Le parti communiste exerce une attraction auprès des intellectuels soucieux de s'engager, alors que chacun ressent une montée de grands périls. Le 6 février 34, résonne encore...
La culture paraît alors le fer de lance d'un combat contre la barbarie, barbarie à laquelle on donne un nom : le fascisme.
Des communistes aux radicaux, chacun défend son modèle ; mais tous reconnaissent une culture nationale, voire une civilisation, en danger.
Lancelot, à la lumière du personnalisme de Rougemont, définit ainsi le fascisme :
- Le fascisme exige un état fort, dispensateur de tous les biens, méritant donc tous les sacrifices. L’État fasciste met fin aux luttes politiques : il supprime les partis et jugule la presse. Il s'en prend aux valeurs occidentales ; il subordonne à l'Etat divinisé, les libertés fondamentales de la personne et des églises, ainsi que toute espèce de création spirituelle.

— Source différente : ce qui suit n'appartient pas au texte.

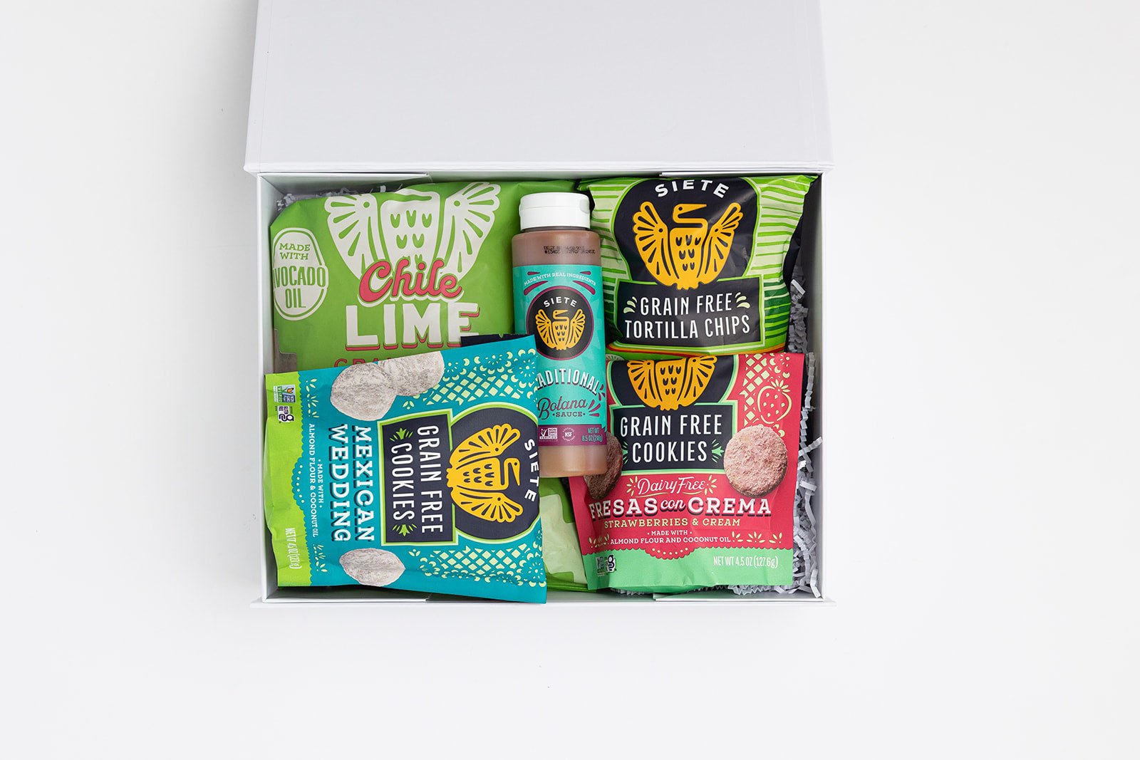 Discover the perfect gift for him. her. or them with our Siete Gourmet Gift Boxes. Curated with Siete Family Foods’ exceptional gluten-free treats. this festive taste of traditional Mexican cuisine features zesty Chile Lime Puff Chips. classic Lime Tortilla Chips. delicate grain-free Mexican Wedding Cookies. as well as a traditional Botana Sauce to level up your party’s flavors.Â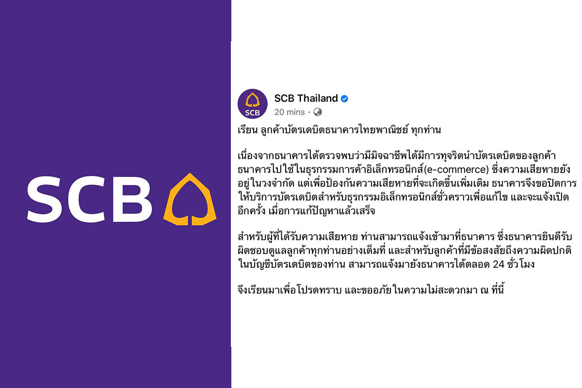 SCB ประกาศผ่านทาง Facebook : SCB Thailand โดยแจ้งลูกค้าแจ้งปิดการให้บริการบัตรเดบิตผ่านทางธุรกรรมอิเล็กทรอนิกส์ชั่วคราว เหตุมิจฉาชีพได้นำบัตรลูกค้าไปใช้ ซึ่งสร้างความเสียหายในวงจำกัด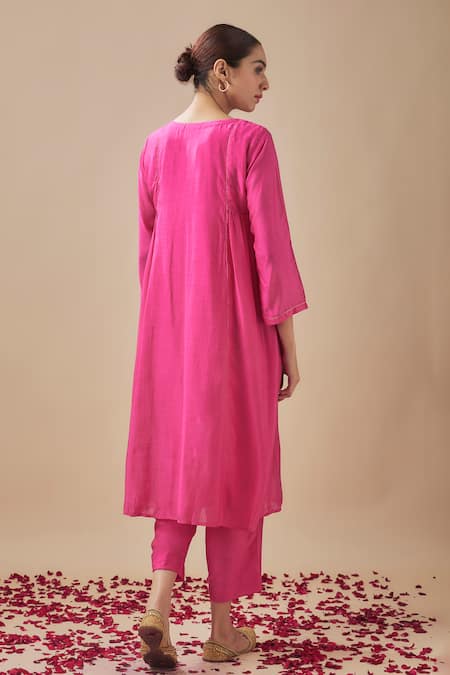 Pink silk cotton kurta featuring a V neckline and three quarter sleeves with sequin and pleat detailed yoke. Paired with matching relaxed fit pants.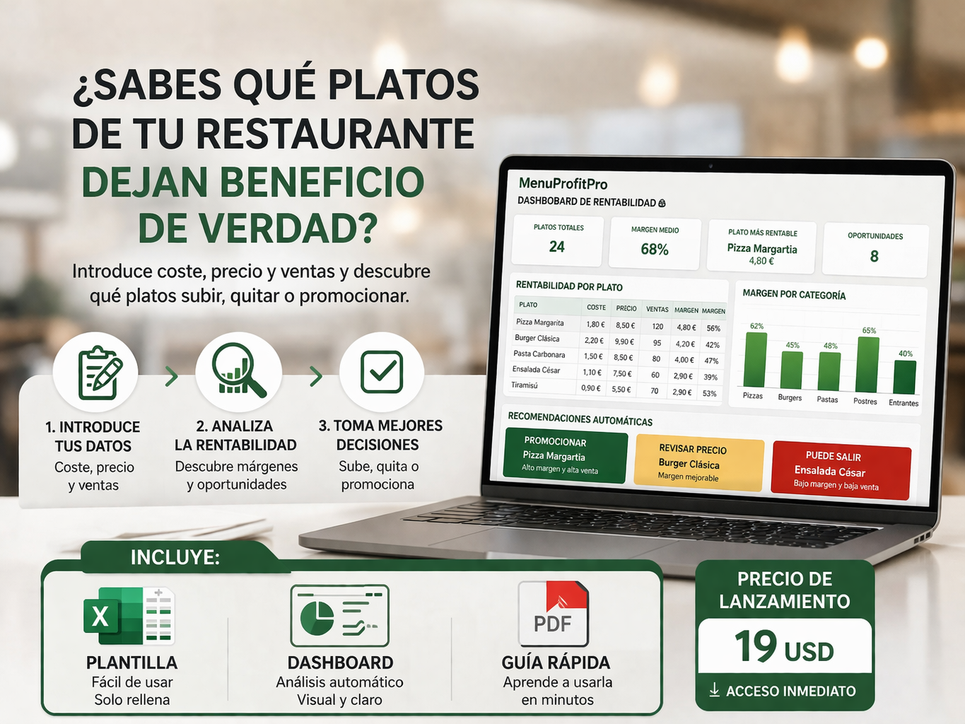 En pocos minutos tendrás una visión mucho más clara de tu carta y podrás tomar decisiones con más criterio sobre rentabilidad, visibilidad y margen.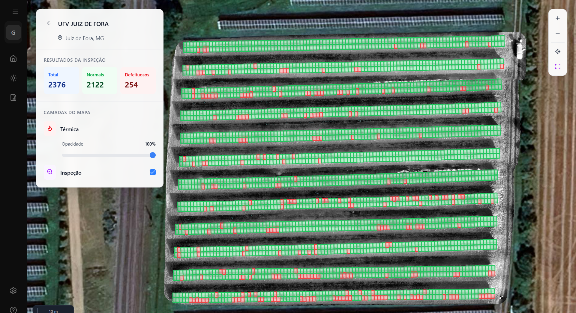 Interface intuitiva para visualizar defeitos no mapa da usina, com filtros por anomalia, severidade e localização.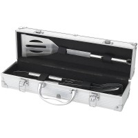 Набор для барбекю 3 предмета. Лопатка, щипцы и вилка в кейсе. На алюминиевом кейсе имеется шильд для персонализации.
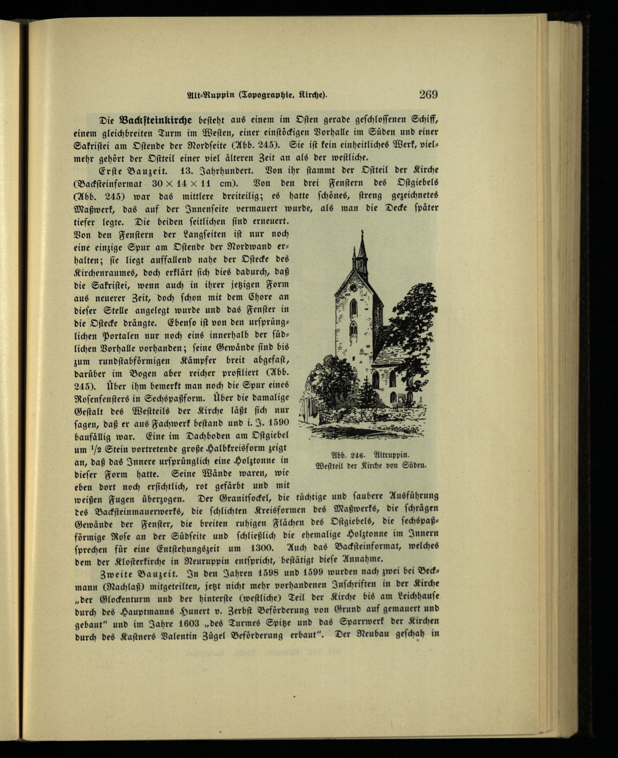 Erſte Bauzeit. 13. Jahrhundert. Von ihr ſtammt der Oſtteil der Kirche (Backſteinformat 30 X 14 X 11 em). Von den drei Fenſtern des Oſtgiebels (Abb. 245) war das mittlere dreiteilig; es hatte ſchönes, ſtreng gezeichnetes Maßwerk, das auf der Innenſeite vermauert wurde, als man die Decke ſpäter tiefer legte. Die beiden ſeitlichen ſind erneuert. Von den Fenſtern der Langſeiten iſt nur noch eine einzige Spur am Oſtende der Nordwand erhalten; ſie liegt auffallend nahe der Oſtecke des Kirchenraumes, doch erklärt ſich dies dadurch, daß die Sakriſtei, wenn auch in ihrer jetzigen Form aus neuerer Zeit, doch ſchon mit dem Chore an dieſer Stelle angelegt wurde und das Fenſter in die Oſtecke drängte. Ebenſo iſt von den urſprünglichen Portalen nur noch eins innerhalb der ſüdlichen Vorhalle vorhanden; ſeine Gewände ſind bis zum rundſtabförmigen Kämpfer breit abgefaſt, darüber im Bogen aber reicher profiliert(Abb. 245). Über ihm bemerkt man noch die Spur eines Roſenfenſters in Sechspaßform. Über die damalige Geſtalt des Weſtteils der Kirche läßt ſich nur ſagen, daß er aus Fachwerk beſtand und i. J. 1590 baufällig war. Eine im Dachboden am Oſtgiebel um!/2 Stein vortretende große Halbkreisform zeigt an, daß das Innere urſprünglich eine Holztonne in dieſer Form hatte. Seine Wände waren, wie eben dort noch erſichtlich, rot gefärbt und mit weißen Fugen überzogen. Der Granitſockel, die tüchtige und ſaubere Ausführung des Backſteinmauerwerks, die ſchlichten Kreisformen des Maßwerks, die ſchrägen Gewände der Fenſter, die breiten ruhigen Flächen des Oſtgiebels, die ſechspaßförmige Roſe an der Südſeite und ſchließlich die ehemalige Holztonne im Innern ſprechen für eine Entſtehungszeit um 1300. Auch das Backſteinformat, welches dem der Kloſterkirche in Neuruppin entſpricht, beſtätigt dieſe Annahme.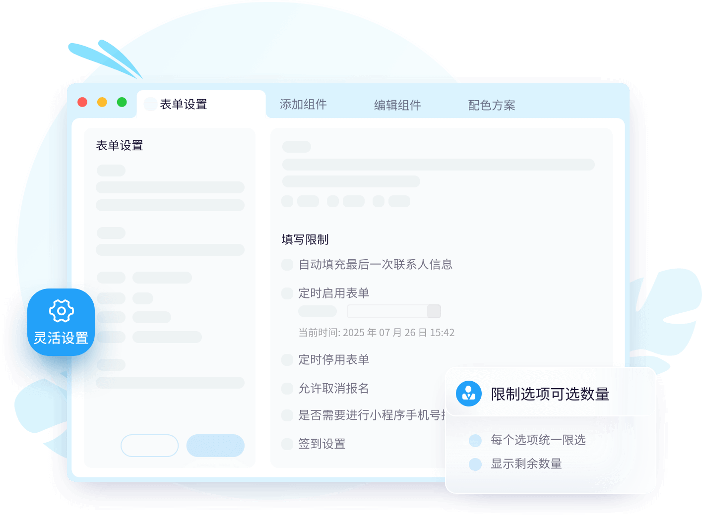 组件选项的可选次数、可用名额设置,以及自动更新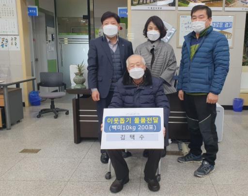 첫 번째 기부자는 개인 후원자인 김택수씨로 지난 12월 중순 저소득 가구의 양곡 지원을 위해 쌀 10kg 200포(620만원 상당)를 옥천면사무소로 기탁했다. 김택수씨는 옥천면이 고향으로 현재 서울에서 동물병원을 운영하고 있으며 코로나19가 심각해지는 상황에 고향 마을을 돕고자 후원하게 되었다.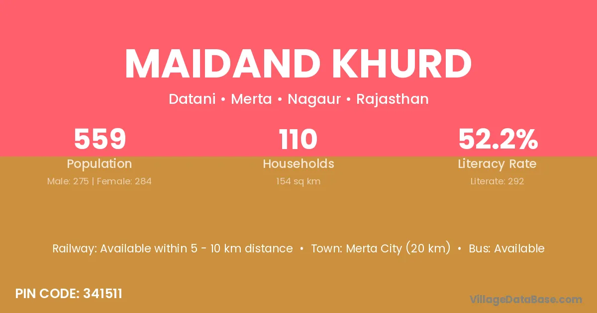Merta City (20 km) is the nearest town to Maidand Khurd village for major economic activities and is located approximately 20 km away.

Un mot allemand : Gleichschaltung - mise au pas - résume le fascisme et justifie les coups de force hitlériens.
La Mutualité - 1935Dans l'engagement antifasciste, la prochaine étape est le Congrès international des écrivains pour la défense de la culture qui se tient à Paris du 21 au 25 juin 1935.
Il a lieu au moment même où les britanniques sont à Paris pour s'expliquer sur la signature de leur accord naval avec l'Allemagne, et qui autorisent le Troisième Reich à disposer d'une flotte de guerre au tonnage limité ; et ceci, sans accord de leurs alliés !
En réaction, sans-doute, Pierre Laval, sera amené à consolider notre entente avec l’Italie de Mussolini. L’Allemagne se réarme, l'Angleterre s'y résigne et certainement surveille l'entente entre Paris et Rome...
Lancelot a pu échapper aux entretiens annexes à cette rencontre des ministres ; et beaucoup plus intéressé, a obtenu de participer à ce Congrès des écrivains... C'est près de deux cent cinquante écrivains, de trente-huit pays, qui ont été invités... !
En possession des tickets d'entrée nécessaires pour lui et Elaine, ils peuvent prendre place au parterre. Devraient être présents : Pasternak - qui remplace Gorki - Heinrich Mann, Bertolt Brecht, Robert Musil, Aldous Huxley, H. G. Wells, Giono, Barbusse, Dabit, Guéhenno, Mounier, Rolland, Vitrac, E. M. Forster, Max Brod, Paul Nizan, Julien Benda, Aragon, Roger Martin du Gard, Guilloux... James Joyce, Queneau, Prévert se sont abstenus... Deux, peut-être trois milliers de personnes sont attendus ; des hauts parleurs sont installés dans les couloirs du Palais de la Mutualité et à l’extérieur.